Both ends included, restate word for word the lines from the first line of the listing through the line containing "One strap at". Leave the pictures out.

» **RAW DATA**
________________________

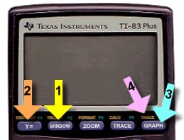 The first step is to set the size of the graph. Press the 'WINDOW' key (#1 shown above).
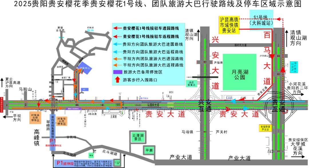 为打造“高效、便捷、绿色”的出行服务体系,今年的樱花季,我们在贵安高铁站开通了直达樱花园游客集散中心公交接驳路线【贵安樱花1号线:从贵安站(始发点)出发,途经大科城地铁站A口,最终抵达贵安樱花园游客集散中心】。
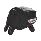 One strap at the front that goes around the T-stem bracket with dual buckle to stop the bag from moving back. The same can be used for re-fueling
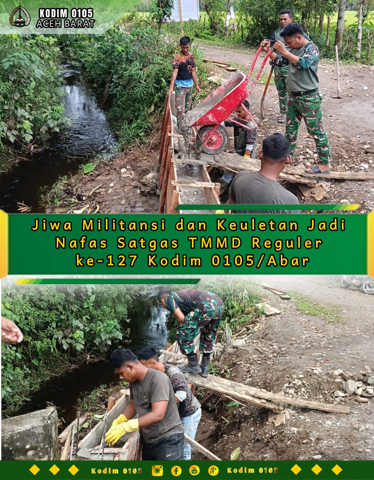 Sudutpenanews.com | Aceh Barat – Militansi dan keuletan benar-benar menjadi nafas pengabdian Tim Satgas TMMD Reguler ke-127 Kodim 0105/Abar dalam menuntaskan sasaran fisik pembangunan infrastruktur di Desa Pasi Aceh, Kecamatan Woyla, Jum’at (27/2/2026).

________________________

» **YOUR SOLUTION**
 The first step is to set the size of the graph. Press the 'WINDOW' key (#1 shown above).
 为打造“高效、便捷、绿色”的出行服务体系,今年的樱花季,我们在贵安高铁站开通了直达樱花园游客集散中心公交接驳路线【贵安樱花1号线:从贵安站(始发点)出发,途经大科城地铁站A口,最终抵达贵安樱花园游客集散中心】。
 One strap at the front that goes around the T-stem bracket with dual buckle to stop the bag from moving back. The same can be used for re-fueling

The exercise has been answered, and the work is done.